WASHINGTON — The Trump administration is considering bypassing Congress to grant a $100 billion tax cut mainly to the wealthy, a legally tenuous maneuver that would cut capital gains taxation and fulfill a long-held ambition of many investors and conservatives.

Steven Mnuchin, the Treasury secretary, said in an interview on the sidelines of the Group of 20 summit meeting in Argentina this month that his department was studying whether it could use its regulatory powers to allow Americans to account for inflation in determining capital gains tax liabilities. The Treasury Department could change the definition of “cost” for calculating capital gains, allowing taxpayers to adjust the initial value of an asset, such as a home or a share of stock, for inflation when it sells.

“If it can’t get done through a legislation process, we will look at what tools at Treasury we have to do it on our own and we’ll consider that,” Mr. Mnuchin said, emphasizing that he had not concluded whether the Treasury Department had the authority to act alone. “We are studying that internally, and we are also studying the economic costs and the impact on growth.”

Currently, capital gains taxes are determined by subtracting the original price of an asset from the price at which it was sold and taxing the difference, usually at 20 percent. If a high earner spent $100,000 on stock in 1980, then sold it for $1 million today, she would owe taxes on $900,000. But if her original purchase price was adjusted for inflation, it would be about $300,000, reducing her taxable “gain” to $700,000. That would save the investor $40,000.

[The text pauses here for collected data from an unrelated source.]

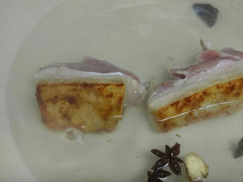 一般大傢都是直接將肉放入鍋內煮,我這之前不同,而是先炕肉皮,這樣肉更香、不膩,入口即化”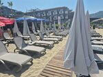 Хороший вход в море. Кафешка заняла пляж и всеми силами пытается уменьшить муниципальную часть, что бы заставить людей брать платные лежаки. Сегодня по 300 лир. От моря до лежаки оставили полоску 3 м. Большая часть лежаков пустует, а работники кафе ругаются (хамят, что не чего лежать на песке), что люди располагаются близко к лежакам.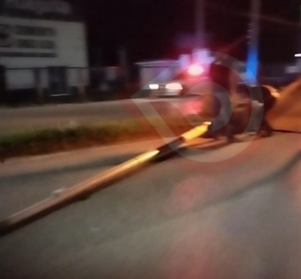Huejutla, Hgo. – El conductor de una camioneta chocó y derribó un poste metálico de alumbrado público sobre la vía federal México-Tampico en las inmediaciones de la colonia Moreno de esta ciudad, corporaciones policiacas acudieron al lugar.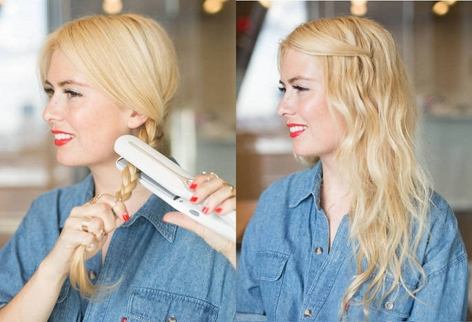 8 Braid your hair, then heat it up by pressing a flat iron over it to make imperfect waves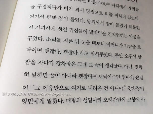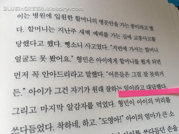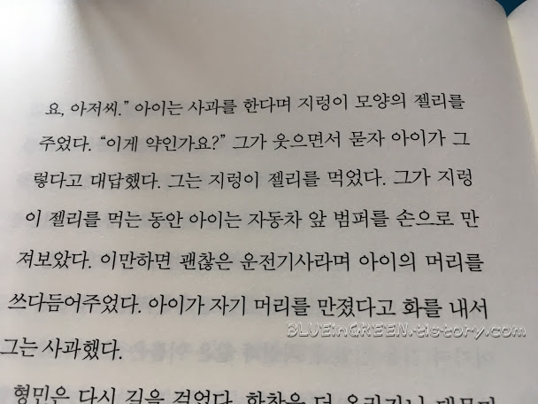 형민은 버스를 타고 아내는 택시를 탔다. 그리고 그 택시는 사거리에서 신호위반을 하다 트럭을 박았다. 형민의 아내는 응급실에서 일주일을 버텼다. 아내의 귀에 대고 형민은 늘 똑같은 말을 했다. "어서 일어나자. 그러면 내일 풍경이 다르게 보일 거야." (177쪽)
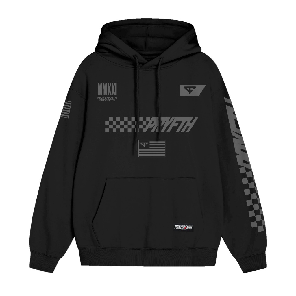 PRAYERFAITH - Hoodie Racing Projeck Black Edition Bahan Fleece Lembut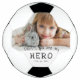 Daddy Hero Father Dad Family Photo Soccer Ball. Text is in simple hand-drawn fonts. You can change daddy into dad, papa, pap,... and add your photo and names. A cute gift and a sweet keepsake for Father`s Day, birthday or Christmas for dad.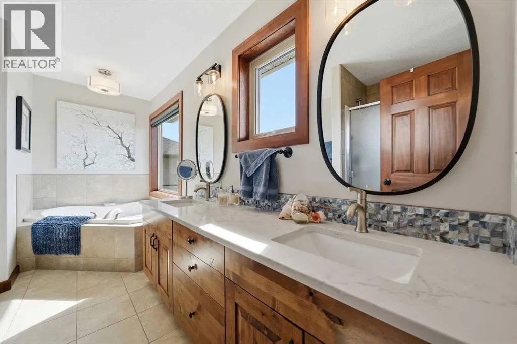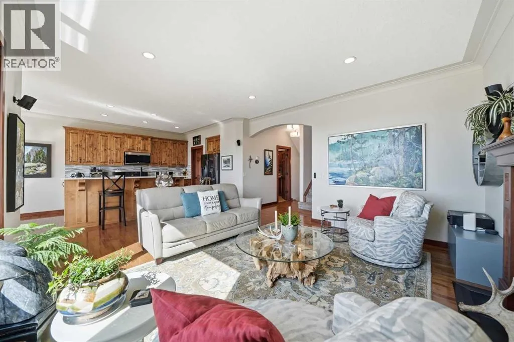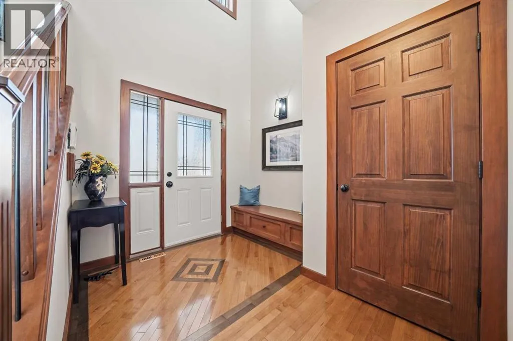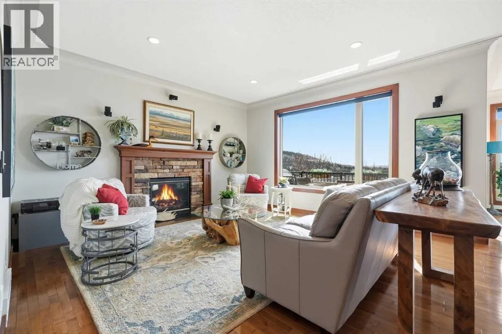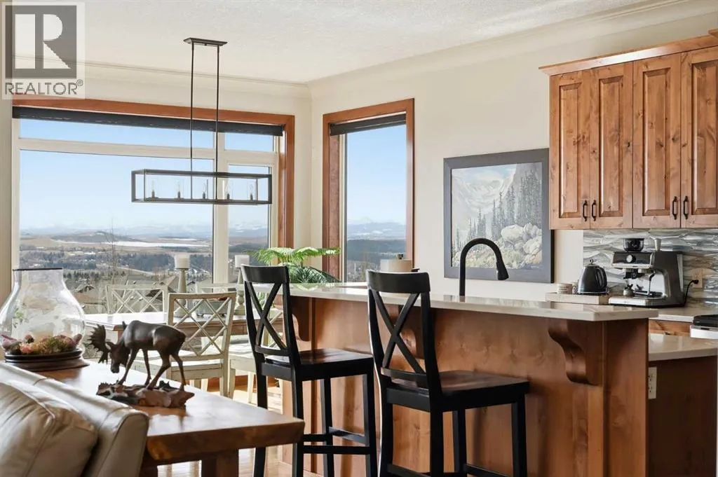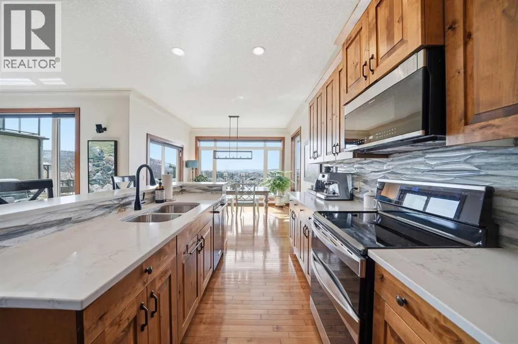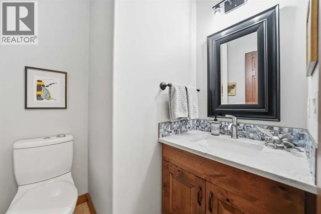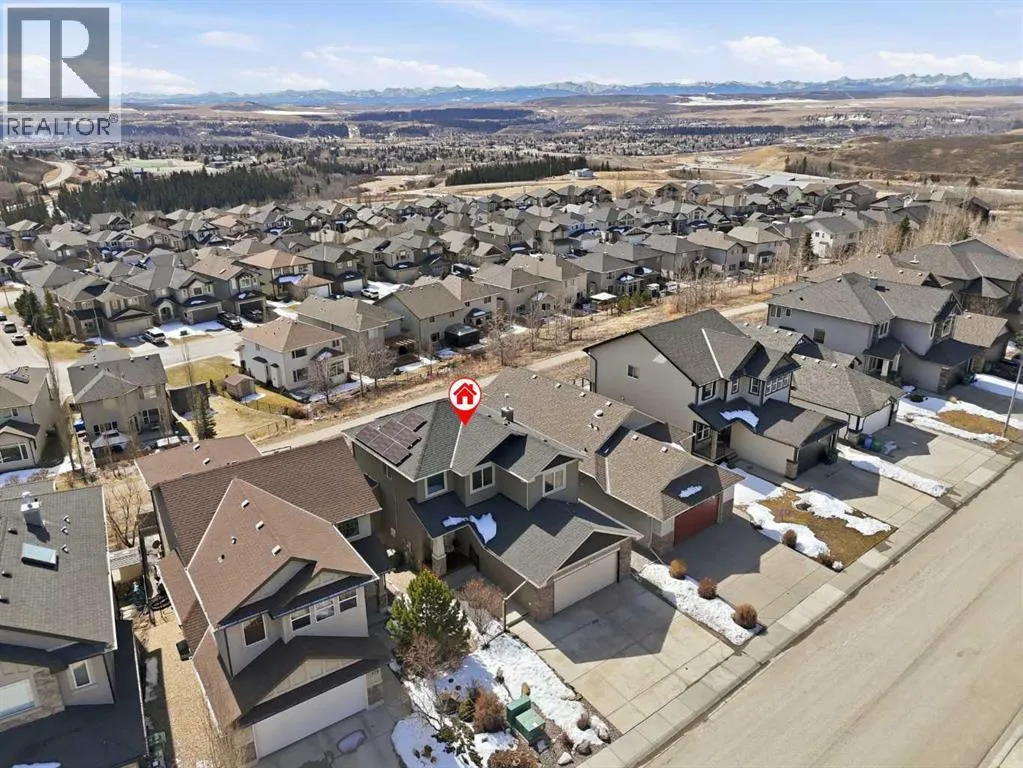 LOW TRAFFIC STREET just around the corner from a playground and with all levels of schools nearby. Immaculately clean and move-in ready – just bring your suitcases! The pride of ownership is evident in all of the upgrades and renovations, including FULLY PAID SOLAR PANELS that significantly reduce utility bills, TWO NEW HOT WATER TANKS installed in 2022, and PREMIUM SMART BLINDS with dual blackout and solar shades. Every detail has been meticulously updated, from the FRESH PAINT and NEW PREMIUM CARPETING to the replacement of every light fixture. The build quality is evident in the solid wood doors, refinished trim and banisters, and wood shelving in all the closets and pantry. With an open plan concept, the main floor offers 9-foot ceilings and beautiful HARDWOOD with inlay detailing, leading to a large KITCHEN RECENTLY RENOVATED with elegant QUARTZ COUNTERTOPS, a new tile backsplash, premium appliances including a double oven, a new KitchenAid dishwasher, and custom drawer pull-outs. Relax on the deck overlooking the backyard, BBQ and enjoy the mountain views and frequent wildlife sightings. There is also an awning for shelter on hot days! Completing the main floor is a laundry room/mud room with a utility sink and powder room – also renovated to match the kitchen. Upstairs, the primary retreat remains a standout, strategically positioned to capture the mountain view, complete with a spa-like ensuite and walk-in closet. Completing the upper level are two generously sized additional bedrooms. The bright walkout level features IN FLOOR HEATING, a fourth bedroom, family room, a stor age/hobby room, and a radon mitigation system for total peace of mind. Outside, the professionally landscaped backyard with NEWLY INSTALLED TURF, connects you directly to recreation along the ravine pathways. Enjoy your private backyard space by the fire pit or barbecuing with friends on the patio. The cherry on top of this remarkable property is the FULLY INSULATED, HEATED, OVERSIZED GARAGE! This is truly a once in a lifetime home offering a laid-back Cochrane lifestyle with MILLION DOLLAR VIEWS for only $889,900. Call your Realtor for a private viewing! (id:62650)

The move would face a near-certain court challenge. It could also reinforce a liberal critique of Republican tax policy at a time when Republicans are struggling to sell middle-class voters on the benefits of the tax cuts that President Trump signed into law late last year.

“At a time when the deficit is out of control, wages are flat and the wealthiest are doing better than ever, to give the top 1 percent another advantage is an outrage and shows the Republicans’ true colors,” said Senator Chuck Schumer of New York, the Democratic leader. “Furthermore, Mr. Mnuchin thinks he can do it on his own, but everyone knows this must be done by legislation.”

Capital gains taxes are overwhelmingly paid by high earners, and they were untouched in the $1.5 trillion tax law that Mr. Trump signed last year. Independent analyses suggest that more than 97 percent of the benefits of indexing capital gains for inflation would go to the top 10 percent of income earners in America. Nearly two-thirds of the benefits would go to the super wealthy — the top 0.1 percent of American income earners.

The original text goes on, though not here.